A typical visitor leaves Scotland with three to six bottles of whisky and one or two pieces of golf merchandise. Customs limits depend on where you are flying:

  • Flights within the UK: no limit (excise-paid bottles travel freely).
  • Flights to the EU: 4 litres of spirits per passenger duty-free; declared excess is straightforward.
  • Flights to the US: 1 litre duty-free per passenger; declared excess is fine but customs forms are required.

Distillery shops will ship to most international destinations. Costs are not trivial (£40–£80 for a single bottle to North America); for trips bringing back six bottles or more, ship rather than carry.
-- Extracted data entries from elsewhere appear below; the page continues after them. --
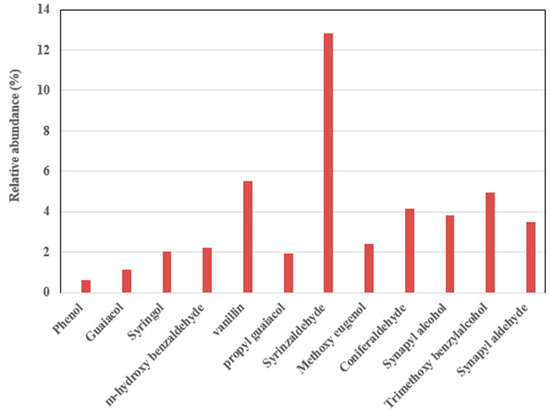 Relative abundance of phenolic monomers from pine sawdust lignin.
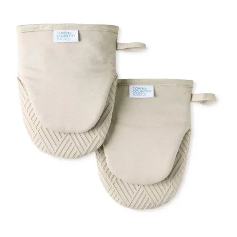 Shield your hands from the heat with the Town & Country Basics Basketweave Soft Silicone 2-Pack Mini Oven Mitts. These flexible soft silicone mini mitts offer a safe and easy way to move hot dishes and bakeware from the oven or stove while cooking. With a stylish basketweave-textured silicone grip, heavy-duty 100% Cotton fabric lining and insolation, and heat resistance up to 500 degrees Fahrenheit, these mini mitts are the ideal kitchen essentials for any home cook. Each mini oven mitt measures 5.5 inches by 8 inches for a comfortable fit.  This matching kitchen set features convenient hanging loops to easily display or store them when not in use. These mini mats are easy clean, simply wipe clean or rinse underwater for a clean start. Pair your Basketweave Soft Silicone Mini Mitts with coordinating kitchen accessories from the Town & Country Basics collection.
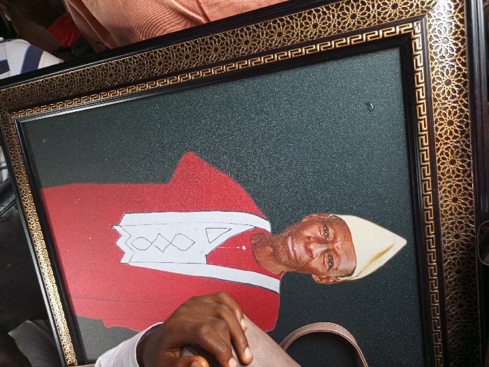 framed portrait of a man wearing a red shirt, a white robe, and a yellow cap. The portrait is being held up by a person whose hand is visible in the lower right corner of the image. The portrait is framed in a black frame with a gold pattern. The frame is made of wood and has a textured surface. The man in the portrait has dark skin, and his face is visible. The man is looking at the viewer with a serious expression. The background of the portrait is a dark gray color. The coordinates provided are for Ohunene, Nigeria. However, there is no way to determine the location of the picture based on the image alone.

For UK-based readers: most of the bottles named across this cluster are also available through Master of Malt, The Whisky Exchange, and Royal Mile Whiskies at distillery-comparable prices, with same-week delivery. The exception is distillery-only bottlings (hand-fills, single casks, festival editions), which are only available on-site.


The five mistakes

After running this kind of trip a dozen times for visitors, the five mistakes that most consistently spoil first attempts:

  1. Trying to combine two whisky regions in five days. Pick one. Save the other for next year.
  2. Booking distilleries for the same day as the round. The morning tour-then-round pacing breaks because the distillery is full of pre-booked tours and you arrive late. Do golf in the morning, distillery in the afternoon — never the reverse.
  3. Driving on tasting days. See above. Designate a driver, take a kit home, or stay overnight.
  4. Skipping the unfashionable distilleries. Bunnahabhain, Caol Ila, Glenfarclas, Aultmore, Wolfburn, Glen Garioch are all genuinely interesting and not on most tourist routes. Some of the best tours are at the distilleries that are not heavily marketed.
  5. Treating the trip as a list of ticks. The point of a five-day trip is depth, not breadth. Two great tours in five days will produce more memory than ten rushed ones. The same is true of the rounds.

The cluster's individual itineraries embed these rules into specific routes. Pick the one that matches your region, your group, and your patience for driving. The rest is logistics.